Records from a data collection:
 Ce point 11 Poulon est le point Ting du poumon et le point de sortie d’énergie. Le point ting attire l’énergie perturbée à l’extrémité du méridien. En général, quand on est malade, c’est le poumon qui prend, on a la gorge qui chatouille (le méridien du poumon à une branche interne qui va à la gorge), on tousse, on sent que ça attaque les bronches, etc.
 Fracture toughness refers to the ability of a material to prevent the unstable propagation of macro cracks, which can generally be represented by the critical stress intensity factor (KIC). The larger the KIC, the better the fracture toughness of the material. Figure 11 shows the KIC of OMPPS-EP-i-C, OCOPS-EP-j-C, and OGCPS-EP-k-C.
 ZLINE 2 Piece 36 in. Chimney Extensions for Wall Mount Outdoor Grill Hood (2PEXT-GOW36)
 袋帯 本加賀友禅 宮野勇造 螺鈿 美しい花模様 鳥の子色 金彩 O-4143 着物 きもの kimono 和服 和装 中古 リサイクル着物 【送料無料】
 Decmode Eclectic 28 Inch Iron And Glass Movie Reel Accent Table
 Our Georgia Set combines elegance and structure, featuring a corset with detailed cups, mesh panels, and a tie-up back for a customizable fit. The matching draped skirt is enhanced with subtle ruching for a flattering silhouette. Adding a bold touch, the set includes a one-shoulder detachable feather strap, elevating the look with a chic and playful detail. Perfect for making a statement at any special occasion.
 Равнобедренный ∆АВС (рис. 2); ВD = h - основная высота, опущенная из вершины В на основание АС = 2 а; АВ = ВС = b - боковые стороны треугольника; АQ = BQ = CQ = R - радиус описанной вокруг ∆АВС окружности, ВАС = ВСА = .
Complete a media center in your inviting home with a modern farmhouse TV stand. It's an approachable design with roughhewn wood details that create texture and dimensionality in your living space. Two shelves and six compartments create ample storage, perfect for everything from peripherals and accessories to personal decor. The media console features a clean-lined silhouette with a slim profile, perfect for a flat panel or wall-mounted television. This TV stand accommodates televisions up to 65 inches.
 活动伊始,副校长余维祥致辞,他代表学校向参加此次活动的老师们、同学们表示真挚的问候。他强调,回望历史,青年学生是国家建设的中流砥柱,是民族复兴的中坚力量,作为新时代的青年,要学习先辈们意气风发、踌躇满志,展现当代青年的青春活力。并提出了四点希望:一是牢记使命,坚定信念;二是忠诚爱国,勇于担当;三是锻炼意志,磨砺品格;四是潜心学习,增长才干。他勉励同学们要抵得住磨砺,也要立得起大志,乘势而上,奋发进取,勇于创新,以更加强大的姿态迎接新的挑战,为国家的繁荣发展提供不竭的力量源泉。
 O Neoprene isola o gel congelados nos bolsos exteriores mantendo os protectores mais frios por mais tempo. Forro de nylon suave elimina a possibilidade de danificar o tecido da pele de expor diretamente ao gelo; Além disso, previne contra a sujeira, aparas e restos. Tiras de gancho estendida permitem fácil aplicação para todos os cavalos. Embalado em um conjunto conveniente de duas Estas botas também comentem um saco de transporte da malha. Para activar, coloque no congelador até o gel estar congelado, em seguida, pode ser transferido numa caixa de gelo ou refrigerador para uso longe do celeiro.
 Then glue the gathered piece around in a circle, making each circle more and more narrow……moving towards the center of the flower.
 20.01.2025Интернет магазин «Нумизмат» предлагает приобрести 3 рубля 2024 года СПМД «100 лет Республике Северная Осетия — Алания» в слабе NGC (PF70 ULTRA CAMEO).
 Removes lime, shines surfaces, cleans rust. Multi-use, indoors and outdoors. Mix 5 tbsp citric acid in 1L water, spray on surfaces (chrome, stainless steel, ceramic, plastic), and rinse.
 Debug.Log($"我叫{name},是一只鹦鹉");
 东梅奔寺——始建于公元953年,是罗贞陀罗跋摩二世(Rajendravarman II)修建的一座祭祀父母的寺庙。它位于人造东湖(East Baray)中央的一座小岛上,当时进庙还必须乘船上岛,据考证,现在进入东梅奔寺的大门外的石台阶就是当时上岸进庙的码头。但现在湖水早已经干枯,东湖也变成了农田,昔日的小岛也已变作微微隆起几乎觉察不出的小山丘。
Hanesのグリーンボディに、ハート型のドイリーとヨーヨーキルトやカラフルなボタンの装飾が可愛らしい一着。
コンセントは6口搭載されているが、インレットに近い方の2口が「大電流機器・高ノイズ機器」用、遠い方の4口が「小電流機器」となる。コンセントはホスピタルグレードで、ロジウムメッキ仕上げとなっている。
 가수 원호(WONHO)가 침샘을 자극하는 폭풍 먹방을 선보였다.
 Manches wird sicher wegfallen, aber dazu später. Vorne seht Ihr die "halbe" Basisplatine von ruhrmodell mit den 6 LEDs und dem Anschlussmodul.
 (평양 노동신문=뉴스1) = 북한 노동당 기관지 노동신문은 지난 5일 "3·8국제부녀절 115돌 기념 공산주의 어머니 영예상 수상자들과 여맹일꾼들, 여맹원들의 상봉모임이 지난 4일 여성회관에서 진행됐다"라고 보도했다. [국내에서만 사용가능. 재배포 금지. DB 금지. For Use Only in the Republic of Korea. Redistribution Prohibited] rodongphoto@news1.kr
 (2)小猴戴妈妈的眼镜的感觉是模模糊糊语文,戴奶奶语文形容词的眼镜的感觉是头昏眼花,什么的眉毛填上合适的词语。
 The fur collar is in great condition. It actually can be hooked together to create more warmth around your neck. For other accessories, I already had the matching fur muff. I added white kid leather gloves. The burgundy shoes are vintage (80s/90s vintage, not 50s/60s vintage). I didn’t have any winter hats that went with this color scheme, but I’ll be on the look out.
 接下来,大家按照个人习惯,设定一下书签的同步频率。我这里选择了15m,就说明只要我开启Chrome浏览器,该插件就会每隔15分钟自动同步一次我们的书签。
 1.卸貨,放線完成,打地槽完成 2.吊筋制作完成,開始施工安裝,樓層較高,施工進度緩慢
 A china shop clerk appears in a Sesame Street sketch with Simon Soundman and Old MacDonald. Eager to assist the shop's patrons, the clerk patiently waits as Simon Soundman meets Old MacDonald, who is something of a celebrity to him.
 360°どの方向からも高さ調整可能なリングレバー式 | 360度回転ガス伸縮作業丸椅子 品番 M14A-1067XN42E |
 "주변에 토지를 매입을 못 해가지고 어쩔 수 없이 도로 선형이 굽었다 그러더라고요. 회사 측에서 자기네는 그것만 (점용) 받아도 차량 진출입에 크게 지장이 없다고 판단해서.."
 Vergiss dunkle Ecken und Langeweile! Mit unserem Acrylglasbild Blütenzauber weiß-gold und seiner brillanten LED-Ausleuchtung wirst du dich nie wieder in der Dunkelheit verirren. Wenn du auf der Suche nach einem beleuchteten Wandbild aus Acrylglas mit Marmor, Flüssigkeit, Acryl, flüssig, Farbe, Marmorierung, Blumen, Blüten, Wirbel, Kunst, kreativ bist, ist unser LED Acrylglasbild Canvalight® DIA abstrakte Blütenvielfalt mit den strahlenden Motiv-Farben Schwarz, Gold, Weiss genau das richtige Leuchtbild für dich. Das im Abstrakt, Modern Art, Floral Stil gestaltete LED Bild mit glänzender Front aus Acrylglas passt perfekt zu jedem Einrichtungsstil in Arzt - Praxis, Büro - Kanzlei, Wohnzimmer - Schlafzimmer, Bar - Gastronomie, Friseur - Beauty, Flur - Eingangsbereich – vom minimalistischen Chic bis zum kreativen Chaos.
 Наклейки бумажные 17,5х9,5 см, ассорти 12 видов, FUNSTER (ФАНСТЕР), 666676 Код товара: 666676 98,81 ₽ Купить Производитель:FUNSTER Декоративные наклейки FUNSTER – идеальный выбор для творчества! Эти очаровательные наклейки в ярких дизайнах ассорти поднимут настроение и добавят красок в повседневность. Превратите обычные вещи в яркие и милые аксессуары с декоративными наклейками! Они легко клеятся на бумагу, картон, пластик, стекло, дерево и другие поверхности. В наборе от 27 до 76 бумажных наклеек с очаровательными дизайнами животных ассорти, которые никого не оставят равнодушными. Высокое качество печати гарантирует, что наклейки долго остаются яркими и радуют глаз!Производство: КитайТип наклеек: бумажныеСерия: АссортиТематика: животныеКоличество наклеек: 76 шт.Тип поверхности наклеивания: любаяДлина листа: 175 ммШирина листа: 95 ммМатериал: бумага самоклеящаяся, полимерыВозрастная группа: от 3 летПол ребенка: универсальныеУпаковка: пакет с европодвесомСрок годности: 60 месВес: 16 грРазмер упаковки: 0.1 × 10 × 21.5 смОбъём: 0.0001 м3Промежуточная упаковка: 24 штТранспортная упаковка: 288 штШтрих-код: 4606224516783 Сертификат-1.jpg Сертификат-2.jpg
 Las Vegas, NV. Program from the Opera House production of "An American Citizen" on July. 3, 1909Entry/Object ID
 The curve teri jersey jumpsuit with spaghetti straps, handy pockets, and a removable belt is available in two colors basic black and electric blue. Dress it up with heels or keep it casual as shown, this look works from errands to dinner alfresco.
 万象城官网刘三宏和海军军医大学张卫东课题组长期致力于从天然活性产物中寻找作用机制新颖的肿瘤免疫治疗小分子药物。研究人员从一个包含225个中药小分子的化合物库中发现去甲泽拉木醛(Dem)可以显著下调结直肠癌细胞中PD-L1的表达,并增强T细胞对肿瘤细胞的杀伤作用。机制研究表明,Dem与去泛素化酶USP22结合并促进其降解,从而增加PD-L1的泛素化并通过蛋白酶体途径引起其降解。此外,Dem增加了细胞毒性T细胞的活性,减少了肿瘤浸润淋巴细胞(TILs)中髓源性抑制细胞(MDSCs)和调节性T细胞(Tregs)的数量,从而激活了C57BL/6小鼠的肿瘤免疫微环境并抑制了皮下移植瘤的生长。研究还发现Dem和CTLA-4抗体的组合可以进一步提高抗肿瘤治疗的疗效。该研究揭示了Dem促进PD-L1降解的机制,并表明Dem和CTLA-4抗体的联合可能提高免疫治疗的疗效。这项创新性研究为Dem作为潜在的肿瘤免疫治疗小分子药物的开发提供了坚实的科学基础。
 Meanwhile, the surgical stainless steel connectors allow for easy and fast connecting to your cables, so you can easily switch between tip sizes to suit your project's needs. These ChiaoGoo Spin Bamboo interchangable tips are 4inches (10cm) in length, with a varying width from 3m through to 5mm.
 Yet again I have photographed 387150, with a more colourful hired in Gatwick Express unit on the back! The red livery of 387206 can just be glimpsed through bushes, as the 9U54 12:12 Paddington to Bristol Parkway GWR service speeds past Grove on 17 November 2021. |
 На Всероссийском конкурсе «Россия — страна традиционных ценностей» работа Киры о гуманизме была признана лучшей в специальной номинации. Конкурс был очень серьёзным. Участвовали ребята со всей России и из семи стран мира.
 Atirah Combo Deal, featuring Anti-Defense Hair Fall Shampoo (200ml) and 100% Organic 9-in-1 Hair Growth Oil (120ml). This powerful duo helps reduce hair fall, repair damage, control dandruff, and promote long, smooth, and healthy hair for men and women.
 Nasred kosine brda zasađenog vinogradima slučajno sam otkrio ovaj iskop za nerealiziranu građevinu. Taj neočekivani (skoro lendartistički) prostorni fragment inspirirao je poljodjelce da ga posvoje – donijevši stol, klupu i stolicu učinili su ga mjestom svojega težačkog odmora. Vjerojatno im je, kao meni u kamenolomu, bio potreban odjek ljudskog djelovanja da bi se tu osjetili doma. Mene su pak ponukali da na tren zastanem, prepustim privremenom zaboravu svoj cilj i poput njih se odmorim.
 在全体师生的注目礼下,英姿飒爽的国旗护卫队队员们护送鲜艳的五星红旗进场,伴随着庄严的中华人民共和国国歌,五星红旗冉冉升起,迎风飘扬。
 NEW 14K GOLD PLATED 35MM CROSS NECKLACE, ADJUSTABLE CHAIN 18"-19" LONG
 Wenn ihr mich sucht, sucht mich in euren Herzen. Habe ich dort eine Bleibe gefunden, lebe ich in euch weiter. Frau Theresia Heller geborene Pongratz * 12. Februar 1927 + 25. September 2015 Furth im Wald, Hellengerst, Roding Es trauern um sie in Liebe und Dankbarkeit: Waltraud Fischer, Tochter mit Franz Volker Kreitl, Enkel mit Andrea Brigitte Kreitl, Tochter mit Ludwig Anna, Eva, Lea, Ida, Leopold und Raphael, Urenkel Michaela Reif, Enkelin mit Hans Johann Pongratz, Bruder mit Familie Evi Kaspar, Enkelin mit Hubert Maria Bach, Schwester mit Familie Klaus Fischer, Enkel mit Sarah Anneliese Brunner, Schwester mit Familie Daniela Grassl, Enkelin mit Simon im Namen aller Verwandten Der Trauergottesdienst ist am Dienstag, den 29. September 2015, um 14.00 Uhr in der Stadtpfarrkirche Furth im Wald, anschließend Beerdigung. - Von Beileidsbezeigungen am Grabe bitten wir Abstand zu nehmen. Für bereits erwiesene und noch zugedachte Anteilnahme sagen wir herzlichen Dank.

* _EXERCISE DESCRIPTION_
Among the entries above, find every line holding "look" and copy it.

* _ANSWER TO THE PROBLEM_
 Our Georgia Set combines elegance and structure, featuring a corset with detailed cups, mesh panels, and a tie-up back for a customizable fit. The matching draped skirt is enhanced with subtle ruching for a flattering silhouette. Adding a bold touch, the set includes a one-shoulder detachable feather strap, elevating the look with a chic and playful detail. Perfect for making a statement at any special occasion.
 The fur collar is in great condition. It actually can be hooked together to create more warmth around your neck. For other accessories, I already had the matching fur muff. I added white kid leather gloves. The burgundy shoes are vintage (80s/90s vintage, not 50s/60s vintage). I didn’t have any winter hats that went with this color scheme, but I’ll be on the look out.
 The curve teri jersey jumpsuit with spaghetti straps, handy pockets, and a removable belt is available in two colors basic black and electric blue. Dress it up with heels or keep it casual as shown, this look works from errands to dinner alfresco.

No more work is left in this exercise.